Somiedo Nature Park spans five valleys – Saliencia, Valle del Lago, Puerto y Pola de Somiedo, Perlunes and Pigüeña – and the five rivers of the same name, covering an area of 283 square kilometres.
Humans have managed to understand the nature of the Park, which has returned the care they have taken of it by remaining virtually unchanged throughout the centuries. Even today, it constitutes an example of full integration and coexistence.
The outstanding element in its landscape is the beauty of the lakes, situated to the south of the borough of Somiedo, high up in the mountain ranges separating Somiedo from León: the three small lakes of Saliencia; the Lago del Valle, with its characteristic islet, which is the largest lake in Asturias, with an average radius of 280 metres and an average depth of 10 metres, although it reaches 50 metres in some areas; and the hidden Lagunas del Páramo, between the valleys of the Rivers Somiedo and Pigüeña.
Somiedo Nature Park is one of the most rugged landscapes in Asturias, with slopes rising from 400 to 2,200 metres. The territory as a whole boasts outstanding geological features, including a wide variety of materials such as limestone, siliceous minerals, sandstones, etc., giving rise to spectacular karst forms. Valleys dotted with minerals such as iron and veins of arsenic, mercury, lead, marble and granite. An area of contrasts between peaks and troughs, revealing the footprint of tectonic movements it was subjected to in numerous thrusts, faults and folds.
Brañas, or mountain meadows, can be found throughout the entire territory, with fertile pastures where you can see, not without difficulty, the area’s famous cabanas de teito de escoba: broom-and-shrub-thatched stone cabins used by the vaqueiros de alzada(nomadic herdsmen) and mountain cattle breeders for shelter.

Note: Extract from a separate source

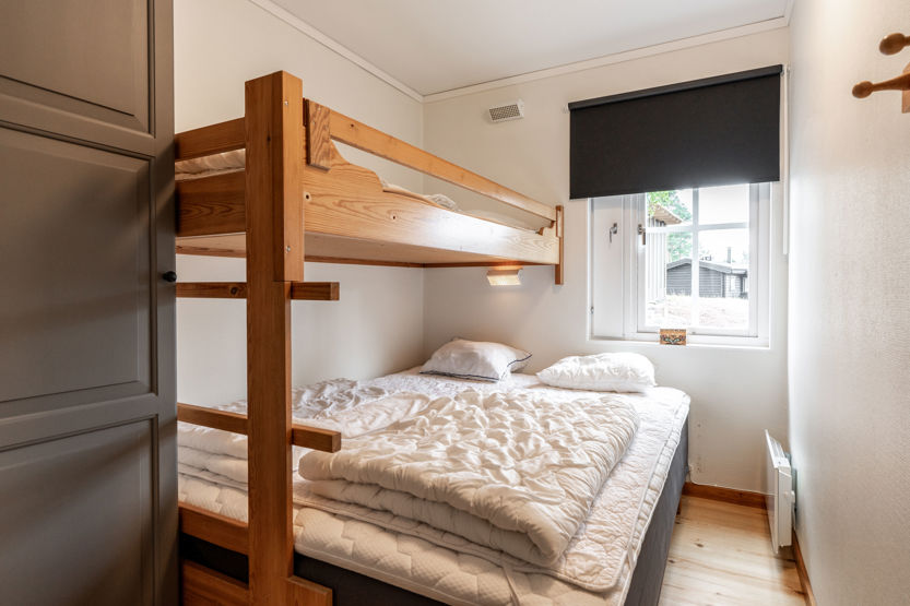 Soveværelse 1 har en køjeseng og soveværelse 2 har to køjesenge.
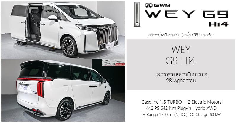 GWM WEY G9 Hi4 เวอร์ชั่นไทย MPV 7 ที่นั่ง ประตูสไลด์ Plug-in Hybrid เตรียมเปิดตัวอย่างเป็นทางการ และ ประกาศราคา 28 พฤศจิกายน นี้ นำเข้าทั้งคัน CBU จากมาเลเซีย รอลุ้นราคา !

Currently there are over 500 of these stone cabins scattered throughout the park. In the surrounding area, even today livestock continues to be moved from one pasture to another in search of the best grazing.
Much of the area is covered by different types of forests, scrubland, high mountain meadows, pasture on the lower slopes and arable land in perfect harmony with the surrounding environment. The main forest area is in the Saliencia Valley, on the slopes of El Coto and in the Pigüeña Valley. The forests are mainly deciduous, although there are a few enclaves with holm oaks in lower areas.
The forests of Somiedo Nature Park occupying a greater extension include beech forests, followed by pedunculate oak, holm oak and birch.
It is also a place that abounds in exquisite plant life, represented by bearberry, asphodel, yellow and blue wolfsbane and «wind herb» (Phlomis herba-venti). The most outstanding typical flower in Somiedo is Centaurium somedanum.
The quality of the water of rivers has given rise to the formation of surprising riverbank forests, endowed with an exceptional ecosystem encompassing the riparian and terrestrial forest.
The Somiedo Nature Park is home to over 100 species of birds – the common blackbird, grey wagtail, kingfisher, etc. -, some living along the banks of the rivers bubbling with the sound of trout, which are abundant in this area. In the peaks and highlands of Somiedo, the outstanding species are capercaillie and golden eagles.
Somiedo Nature Park is also home to all the large mammals of this mountain range, the presence of brown bears being of special relevance. Predators, such as wolves and foxes, and other carnivores, such as otters, badgers and wild cats, share the territory, even to the lower areas of the rivers, with capercaillie and about 20 species of amphibians and reptiles, among which the gold-striped salamander, Iberian newt and Seoane viper stand out.